2019年の茨城国体に出場する選手を“食で支援”するとともに、来場者に高品質な県産農産物を使った茨城らしい食を提供するプロジェクトを県やJAグループ茨城、食品関連企業などが立ち上げた。今後、関係者約50人が課題別に三つのチームに分かれてそれぞれ検討を進め、実現が可能なものについてはおおむね年内に事業化のめどをつける。JA県中央会は「プロジェクト参加団体や企業に県版GAP(農業生産工程管理)の取得を呼び掛け、茨城国体での成果を20年の東京五輪・パラリンピックにつなげていきたい」としている。

「茨城ゆめ国体・ゆめ大会 食の応援プロジェクト」と名付けられ、(1)選手強化支援・弁当企画・宿泊施設向け食事対策チーム(2)大会関連ブース間連携・商品開発対策チーム(3)情報利活用対策チーム-の各グループごとに行動計画を策定していく。
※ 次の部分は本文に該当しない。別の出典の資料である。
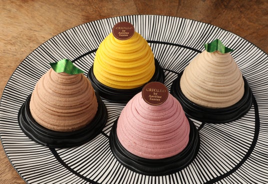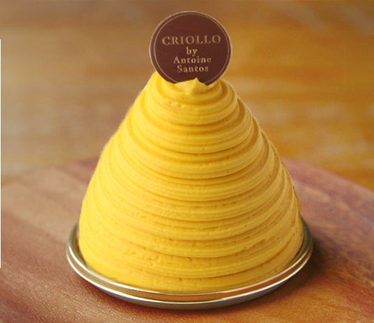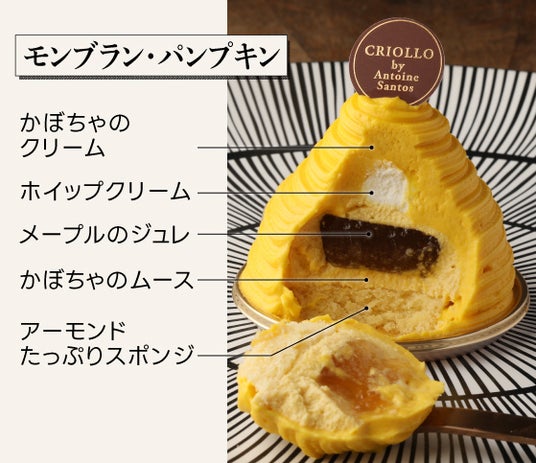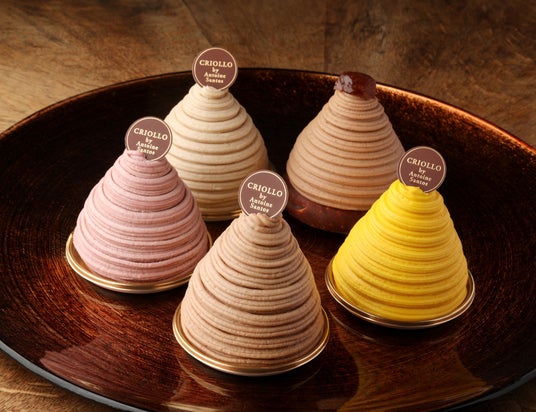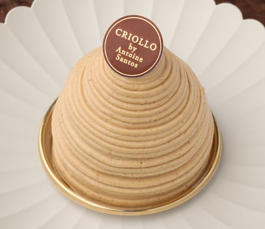 東京23区で1位に輝いたことのあるクリオロのモンブラン。外側のマロンクリームの中には、ホイップクリームだけでなく滑らかなマロンのムースや、ラム酒のクリームが層になっています。さらに、一番下のサクサクとしたメレンゲが食感のアクセントに。サクサク感が長い間楽しめるように、チョコレートでコーティングしているところもサントスシェフならでは。パティシエがひとつひとつ丁寧にクリームを絞り、この美しい形に仕上げています。味と見た目の両方にこだわった、クリオロの自信作です。

具体的な行動計画に基づいて、それぞれが連携、強みを生かしながら、選手が優秀な成績を収められるような機能性の高い食事メニューの提案▽競技会場や宿泊施設を対象に、弁当や食事メニューに県産農産物が多く利用されるための商品企画・開発▽ブース出店を通じてオリジナル商品の提案や情報発信-などを行い、プロジェクト全体で売り上げ1億円を目指す。

9月中旬に開かれた初会合では、食分野での国体支援について検討課題などを共有。参加者からは、弁当用デザートにJA常総ひかり下妻地区のナシを使った「梨ゼリー」や弁当に添える紙パック緑茶に奥久慈産や猿島産の茶葉を用いることなどが提案されたほか、国体までに県版GAPを取得するJAの目標数を10以上(取得予定含む)とした。

新たな食ビジネスを展開するための実行組織で、当面の設置期間は来年10月末まで。国体来場者に本県産農作物を活用した多彩な食を提供することで、本県の食材と地域の魅力をアピールする。(小室雅一)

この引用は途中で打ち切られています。